Data EngineeringBig DataHiveHadoop

Handle Schema Changes and Evolution in Hadoop

Approaches for handling schema evolution in Hadoop using Avro and ORC file formats, including a practical workflow for managing schema changes with Hive.

30 March 2013 · 2 min read

In Hadoop, if you use Hive and try to have different schemas for different partitions, you cannot have a field inserted in the middle.

If the fields are added at the end, you can use Hive natively.

However, things would break if a field is inserted in the middle.

There are a few ways to handle schema evolution and changes in Hadoop.

Use Avro

For flat schemas of database tables (or files), generate an Avro schema. This Avro schema can be used anywhere in programming or mapped with Hive using AvroSerde.

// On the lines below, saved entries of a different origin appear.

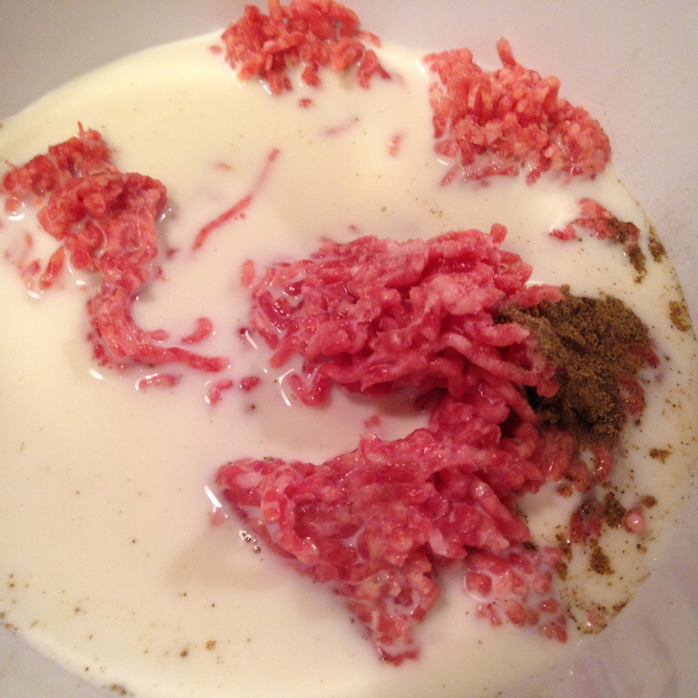 1. Blanda färs, salt, svartpeppar och mjölk.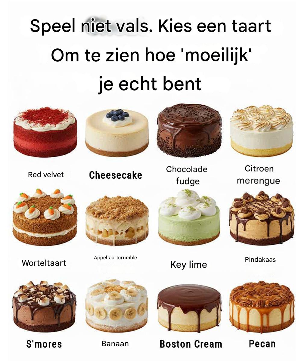 Kies een taart om te zien hoe ‘moeilijk’ je werkelijk bent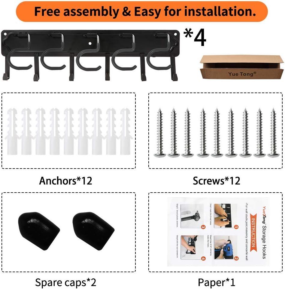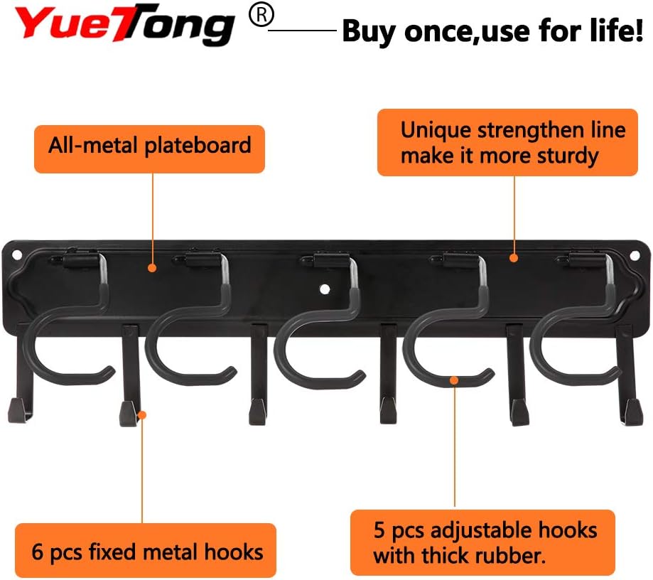 【Free Assemble】YueTong wall mounted broom holder you get will be a whole body with hooks assembled,so you can install it directly with the recommended drill size according to the installation paper.

I am exploring various JSON APIs which can be used and also exploring various methods:

My problem statement and solution are simple. The ideas in my mind are:

  1. Store schema details of the table in some database
  2. Read the database field details and generate an Avro schema
  3. Store it to some location in Hadoop: /schema/tableschema
  4. Map Hive to use this Avro schema location in HDFS
  5. If some change comes in the schema, update the database and the system would again generate a new Avro schema
  6. Push the new schema to HDFS
  7. Hive would use the new schema without breaking — old data should be able to support schema changes and evolution for data in Hadoop

Most NoSQL databases have a similar approach. Check Oracle’s documentation:

Use ORC

The Hortonworks ORC project is a file format which has a similar feature of storing schema within data like Avro.

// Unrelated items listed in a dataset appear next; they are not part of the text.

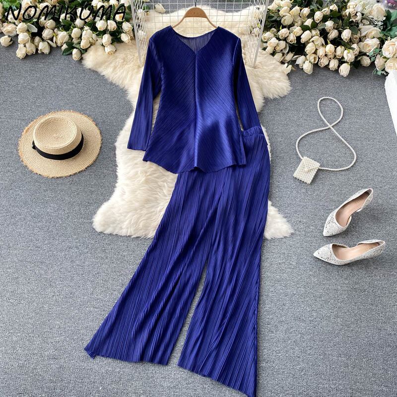 のみくまウーマンパンツセット長袖Vネックブラウストップ+ウエストプリーツワイドレッグパンツ2021衣装6K376 ロング ワイドパンツ kor77970845709
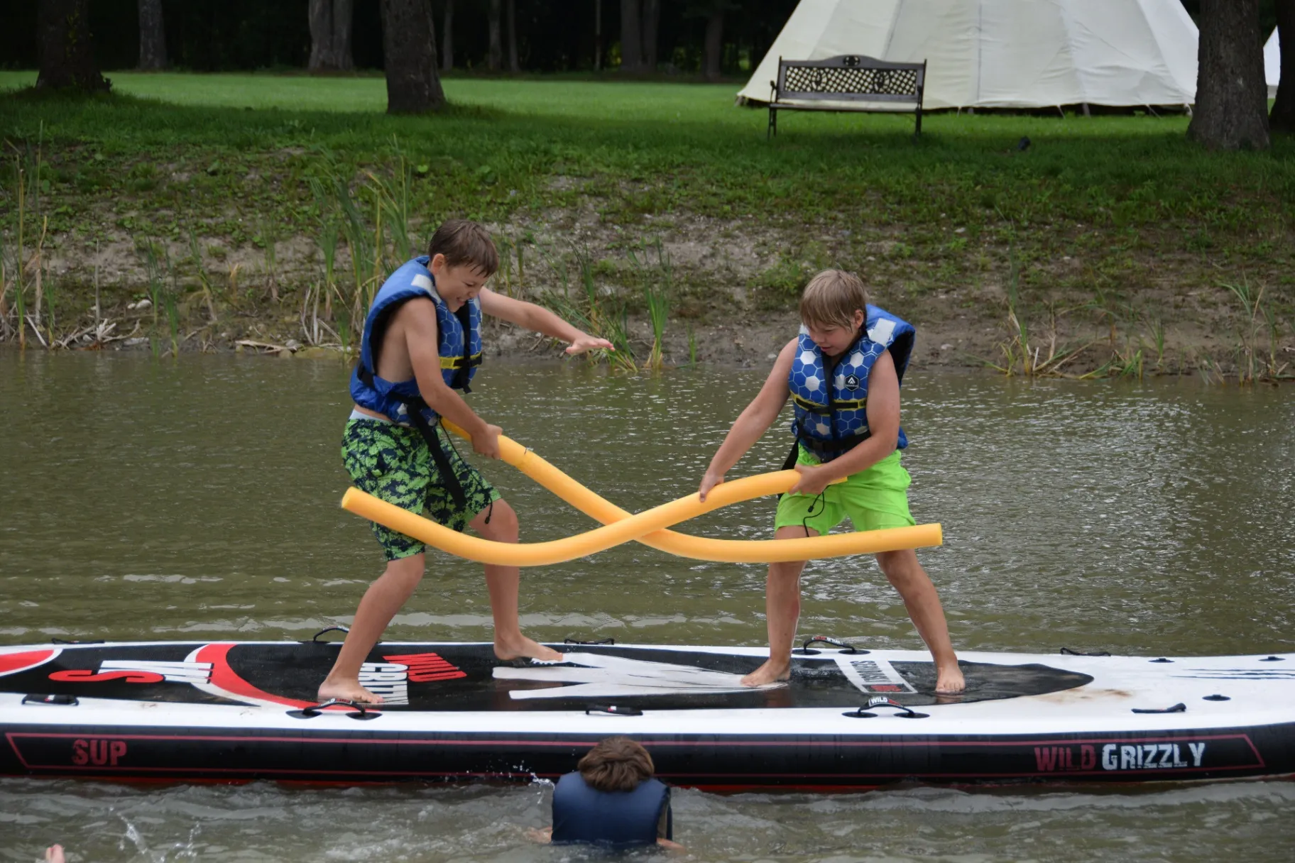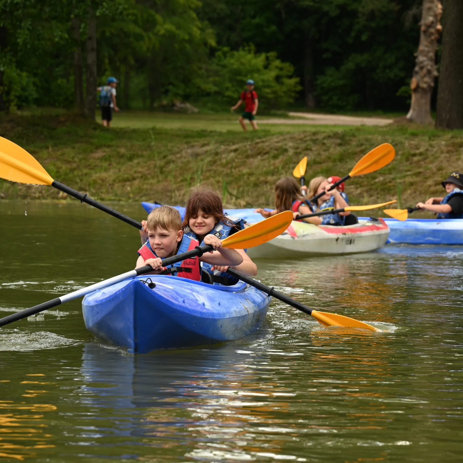 - Stovyklos programa bei inventorius: baidarės, kanojos, irklentės, saugaus plaukiojimo priemonės, alpinizmo inventorius, išgyvenimo gamtoje priemonės, šaudymo iš lankų inventorius, komandos formavimo priemonės ir kt.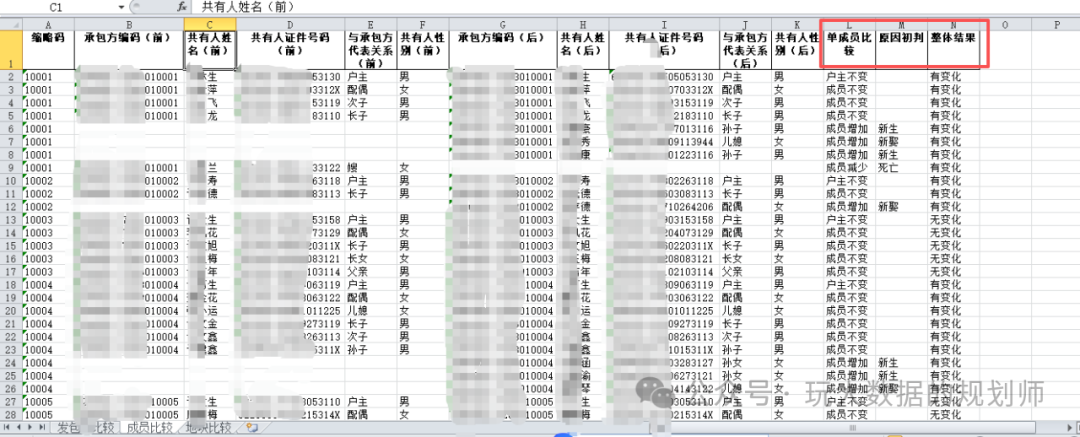成员比较:比较成员姓名、证件号码、与户主关系、性别等。形成三列比较结果:单成员比较会进行前后比对,是否成为了户主,是否增加、是否减少;原因初判断,会给出初步判断新生、死亡、外嫁、入赘等初步判断;整体结果,会对家庭成员变化做整体判断,是变化还是不变。

From the ORC documentation:

The “versioned metadata” means that the ORC file’s metadata is stored in ProtoBufs so that we can add (or remove) fields to the metadata. That means that for some changes to ORC file format we can provide both forward and backward compatibility.

ORC files like Avro files are self-describing. They include the type structure of the records in the metadata of the file. It will take more integration work with Hive to make the schemas very flexible with ORC.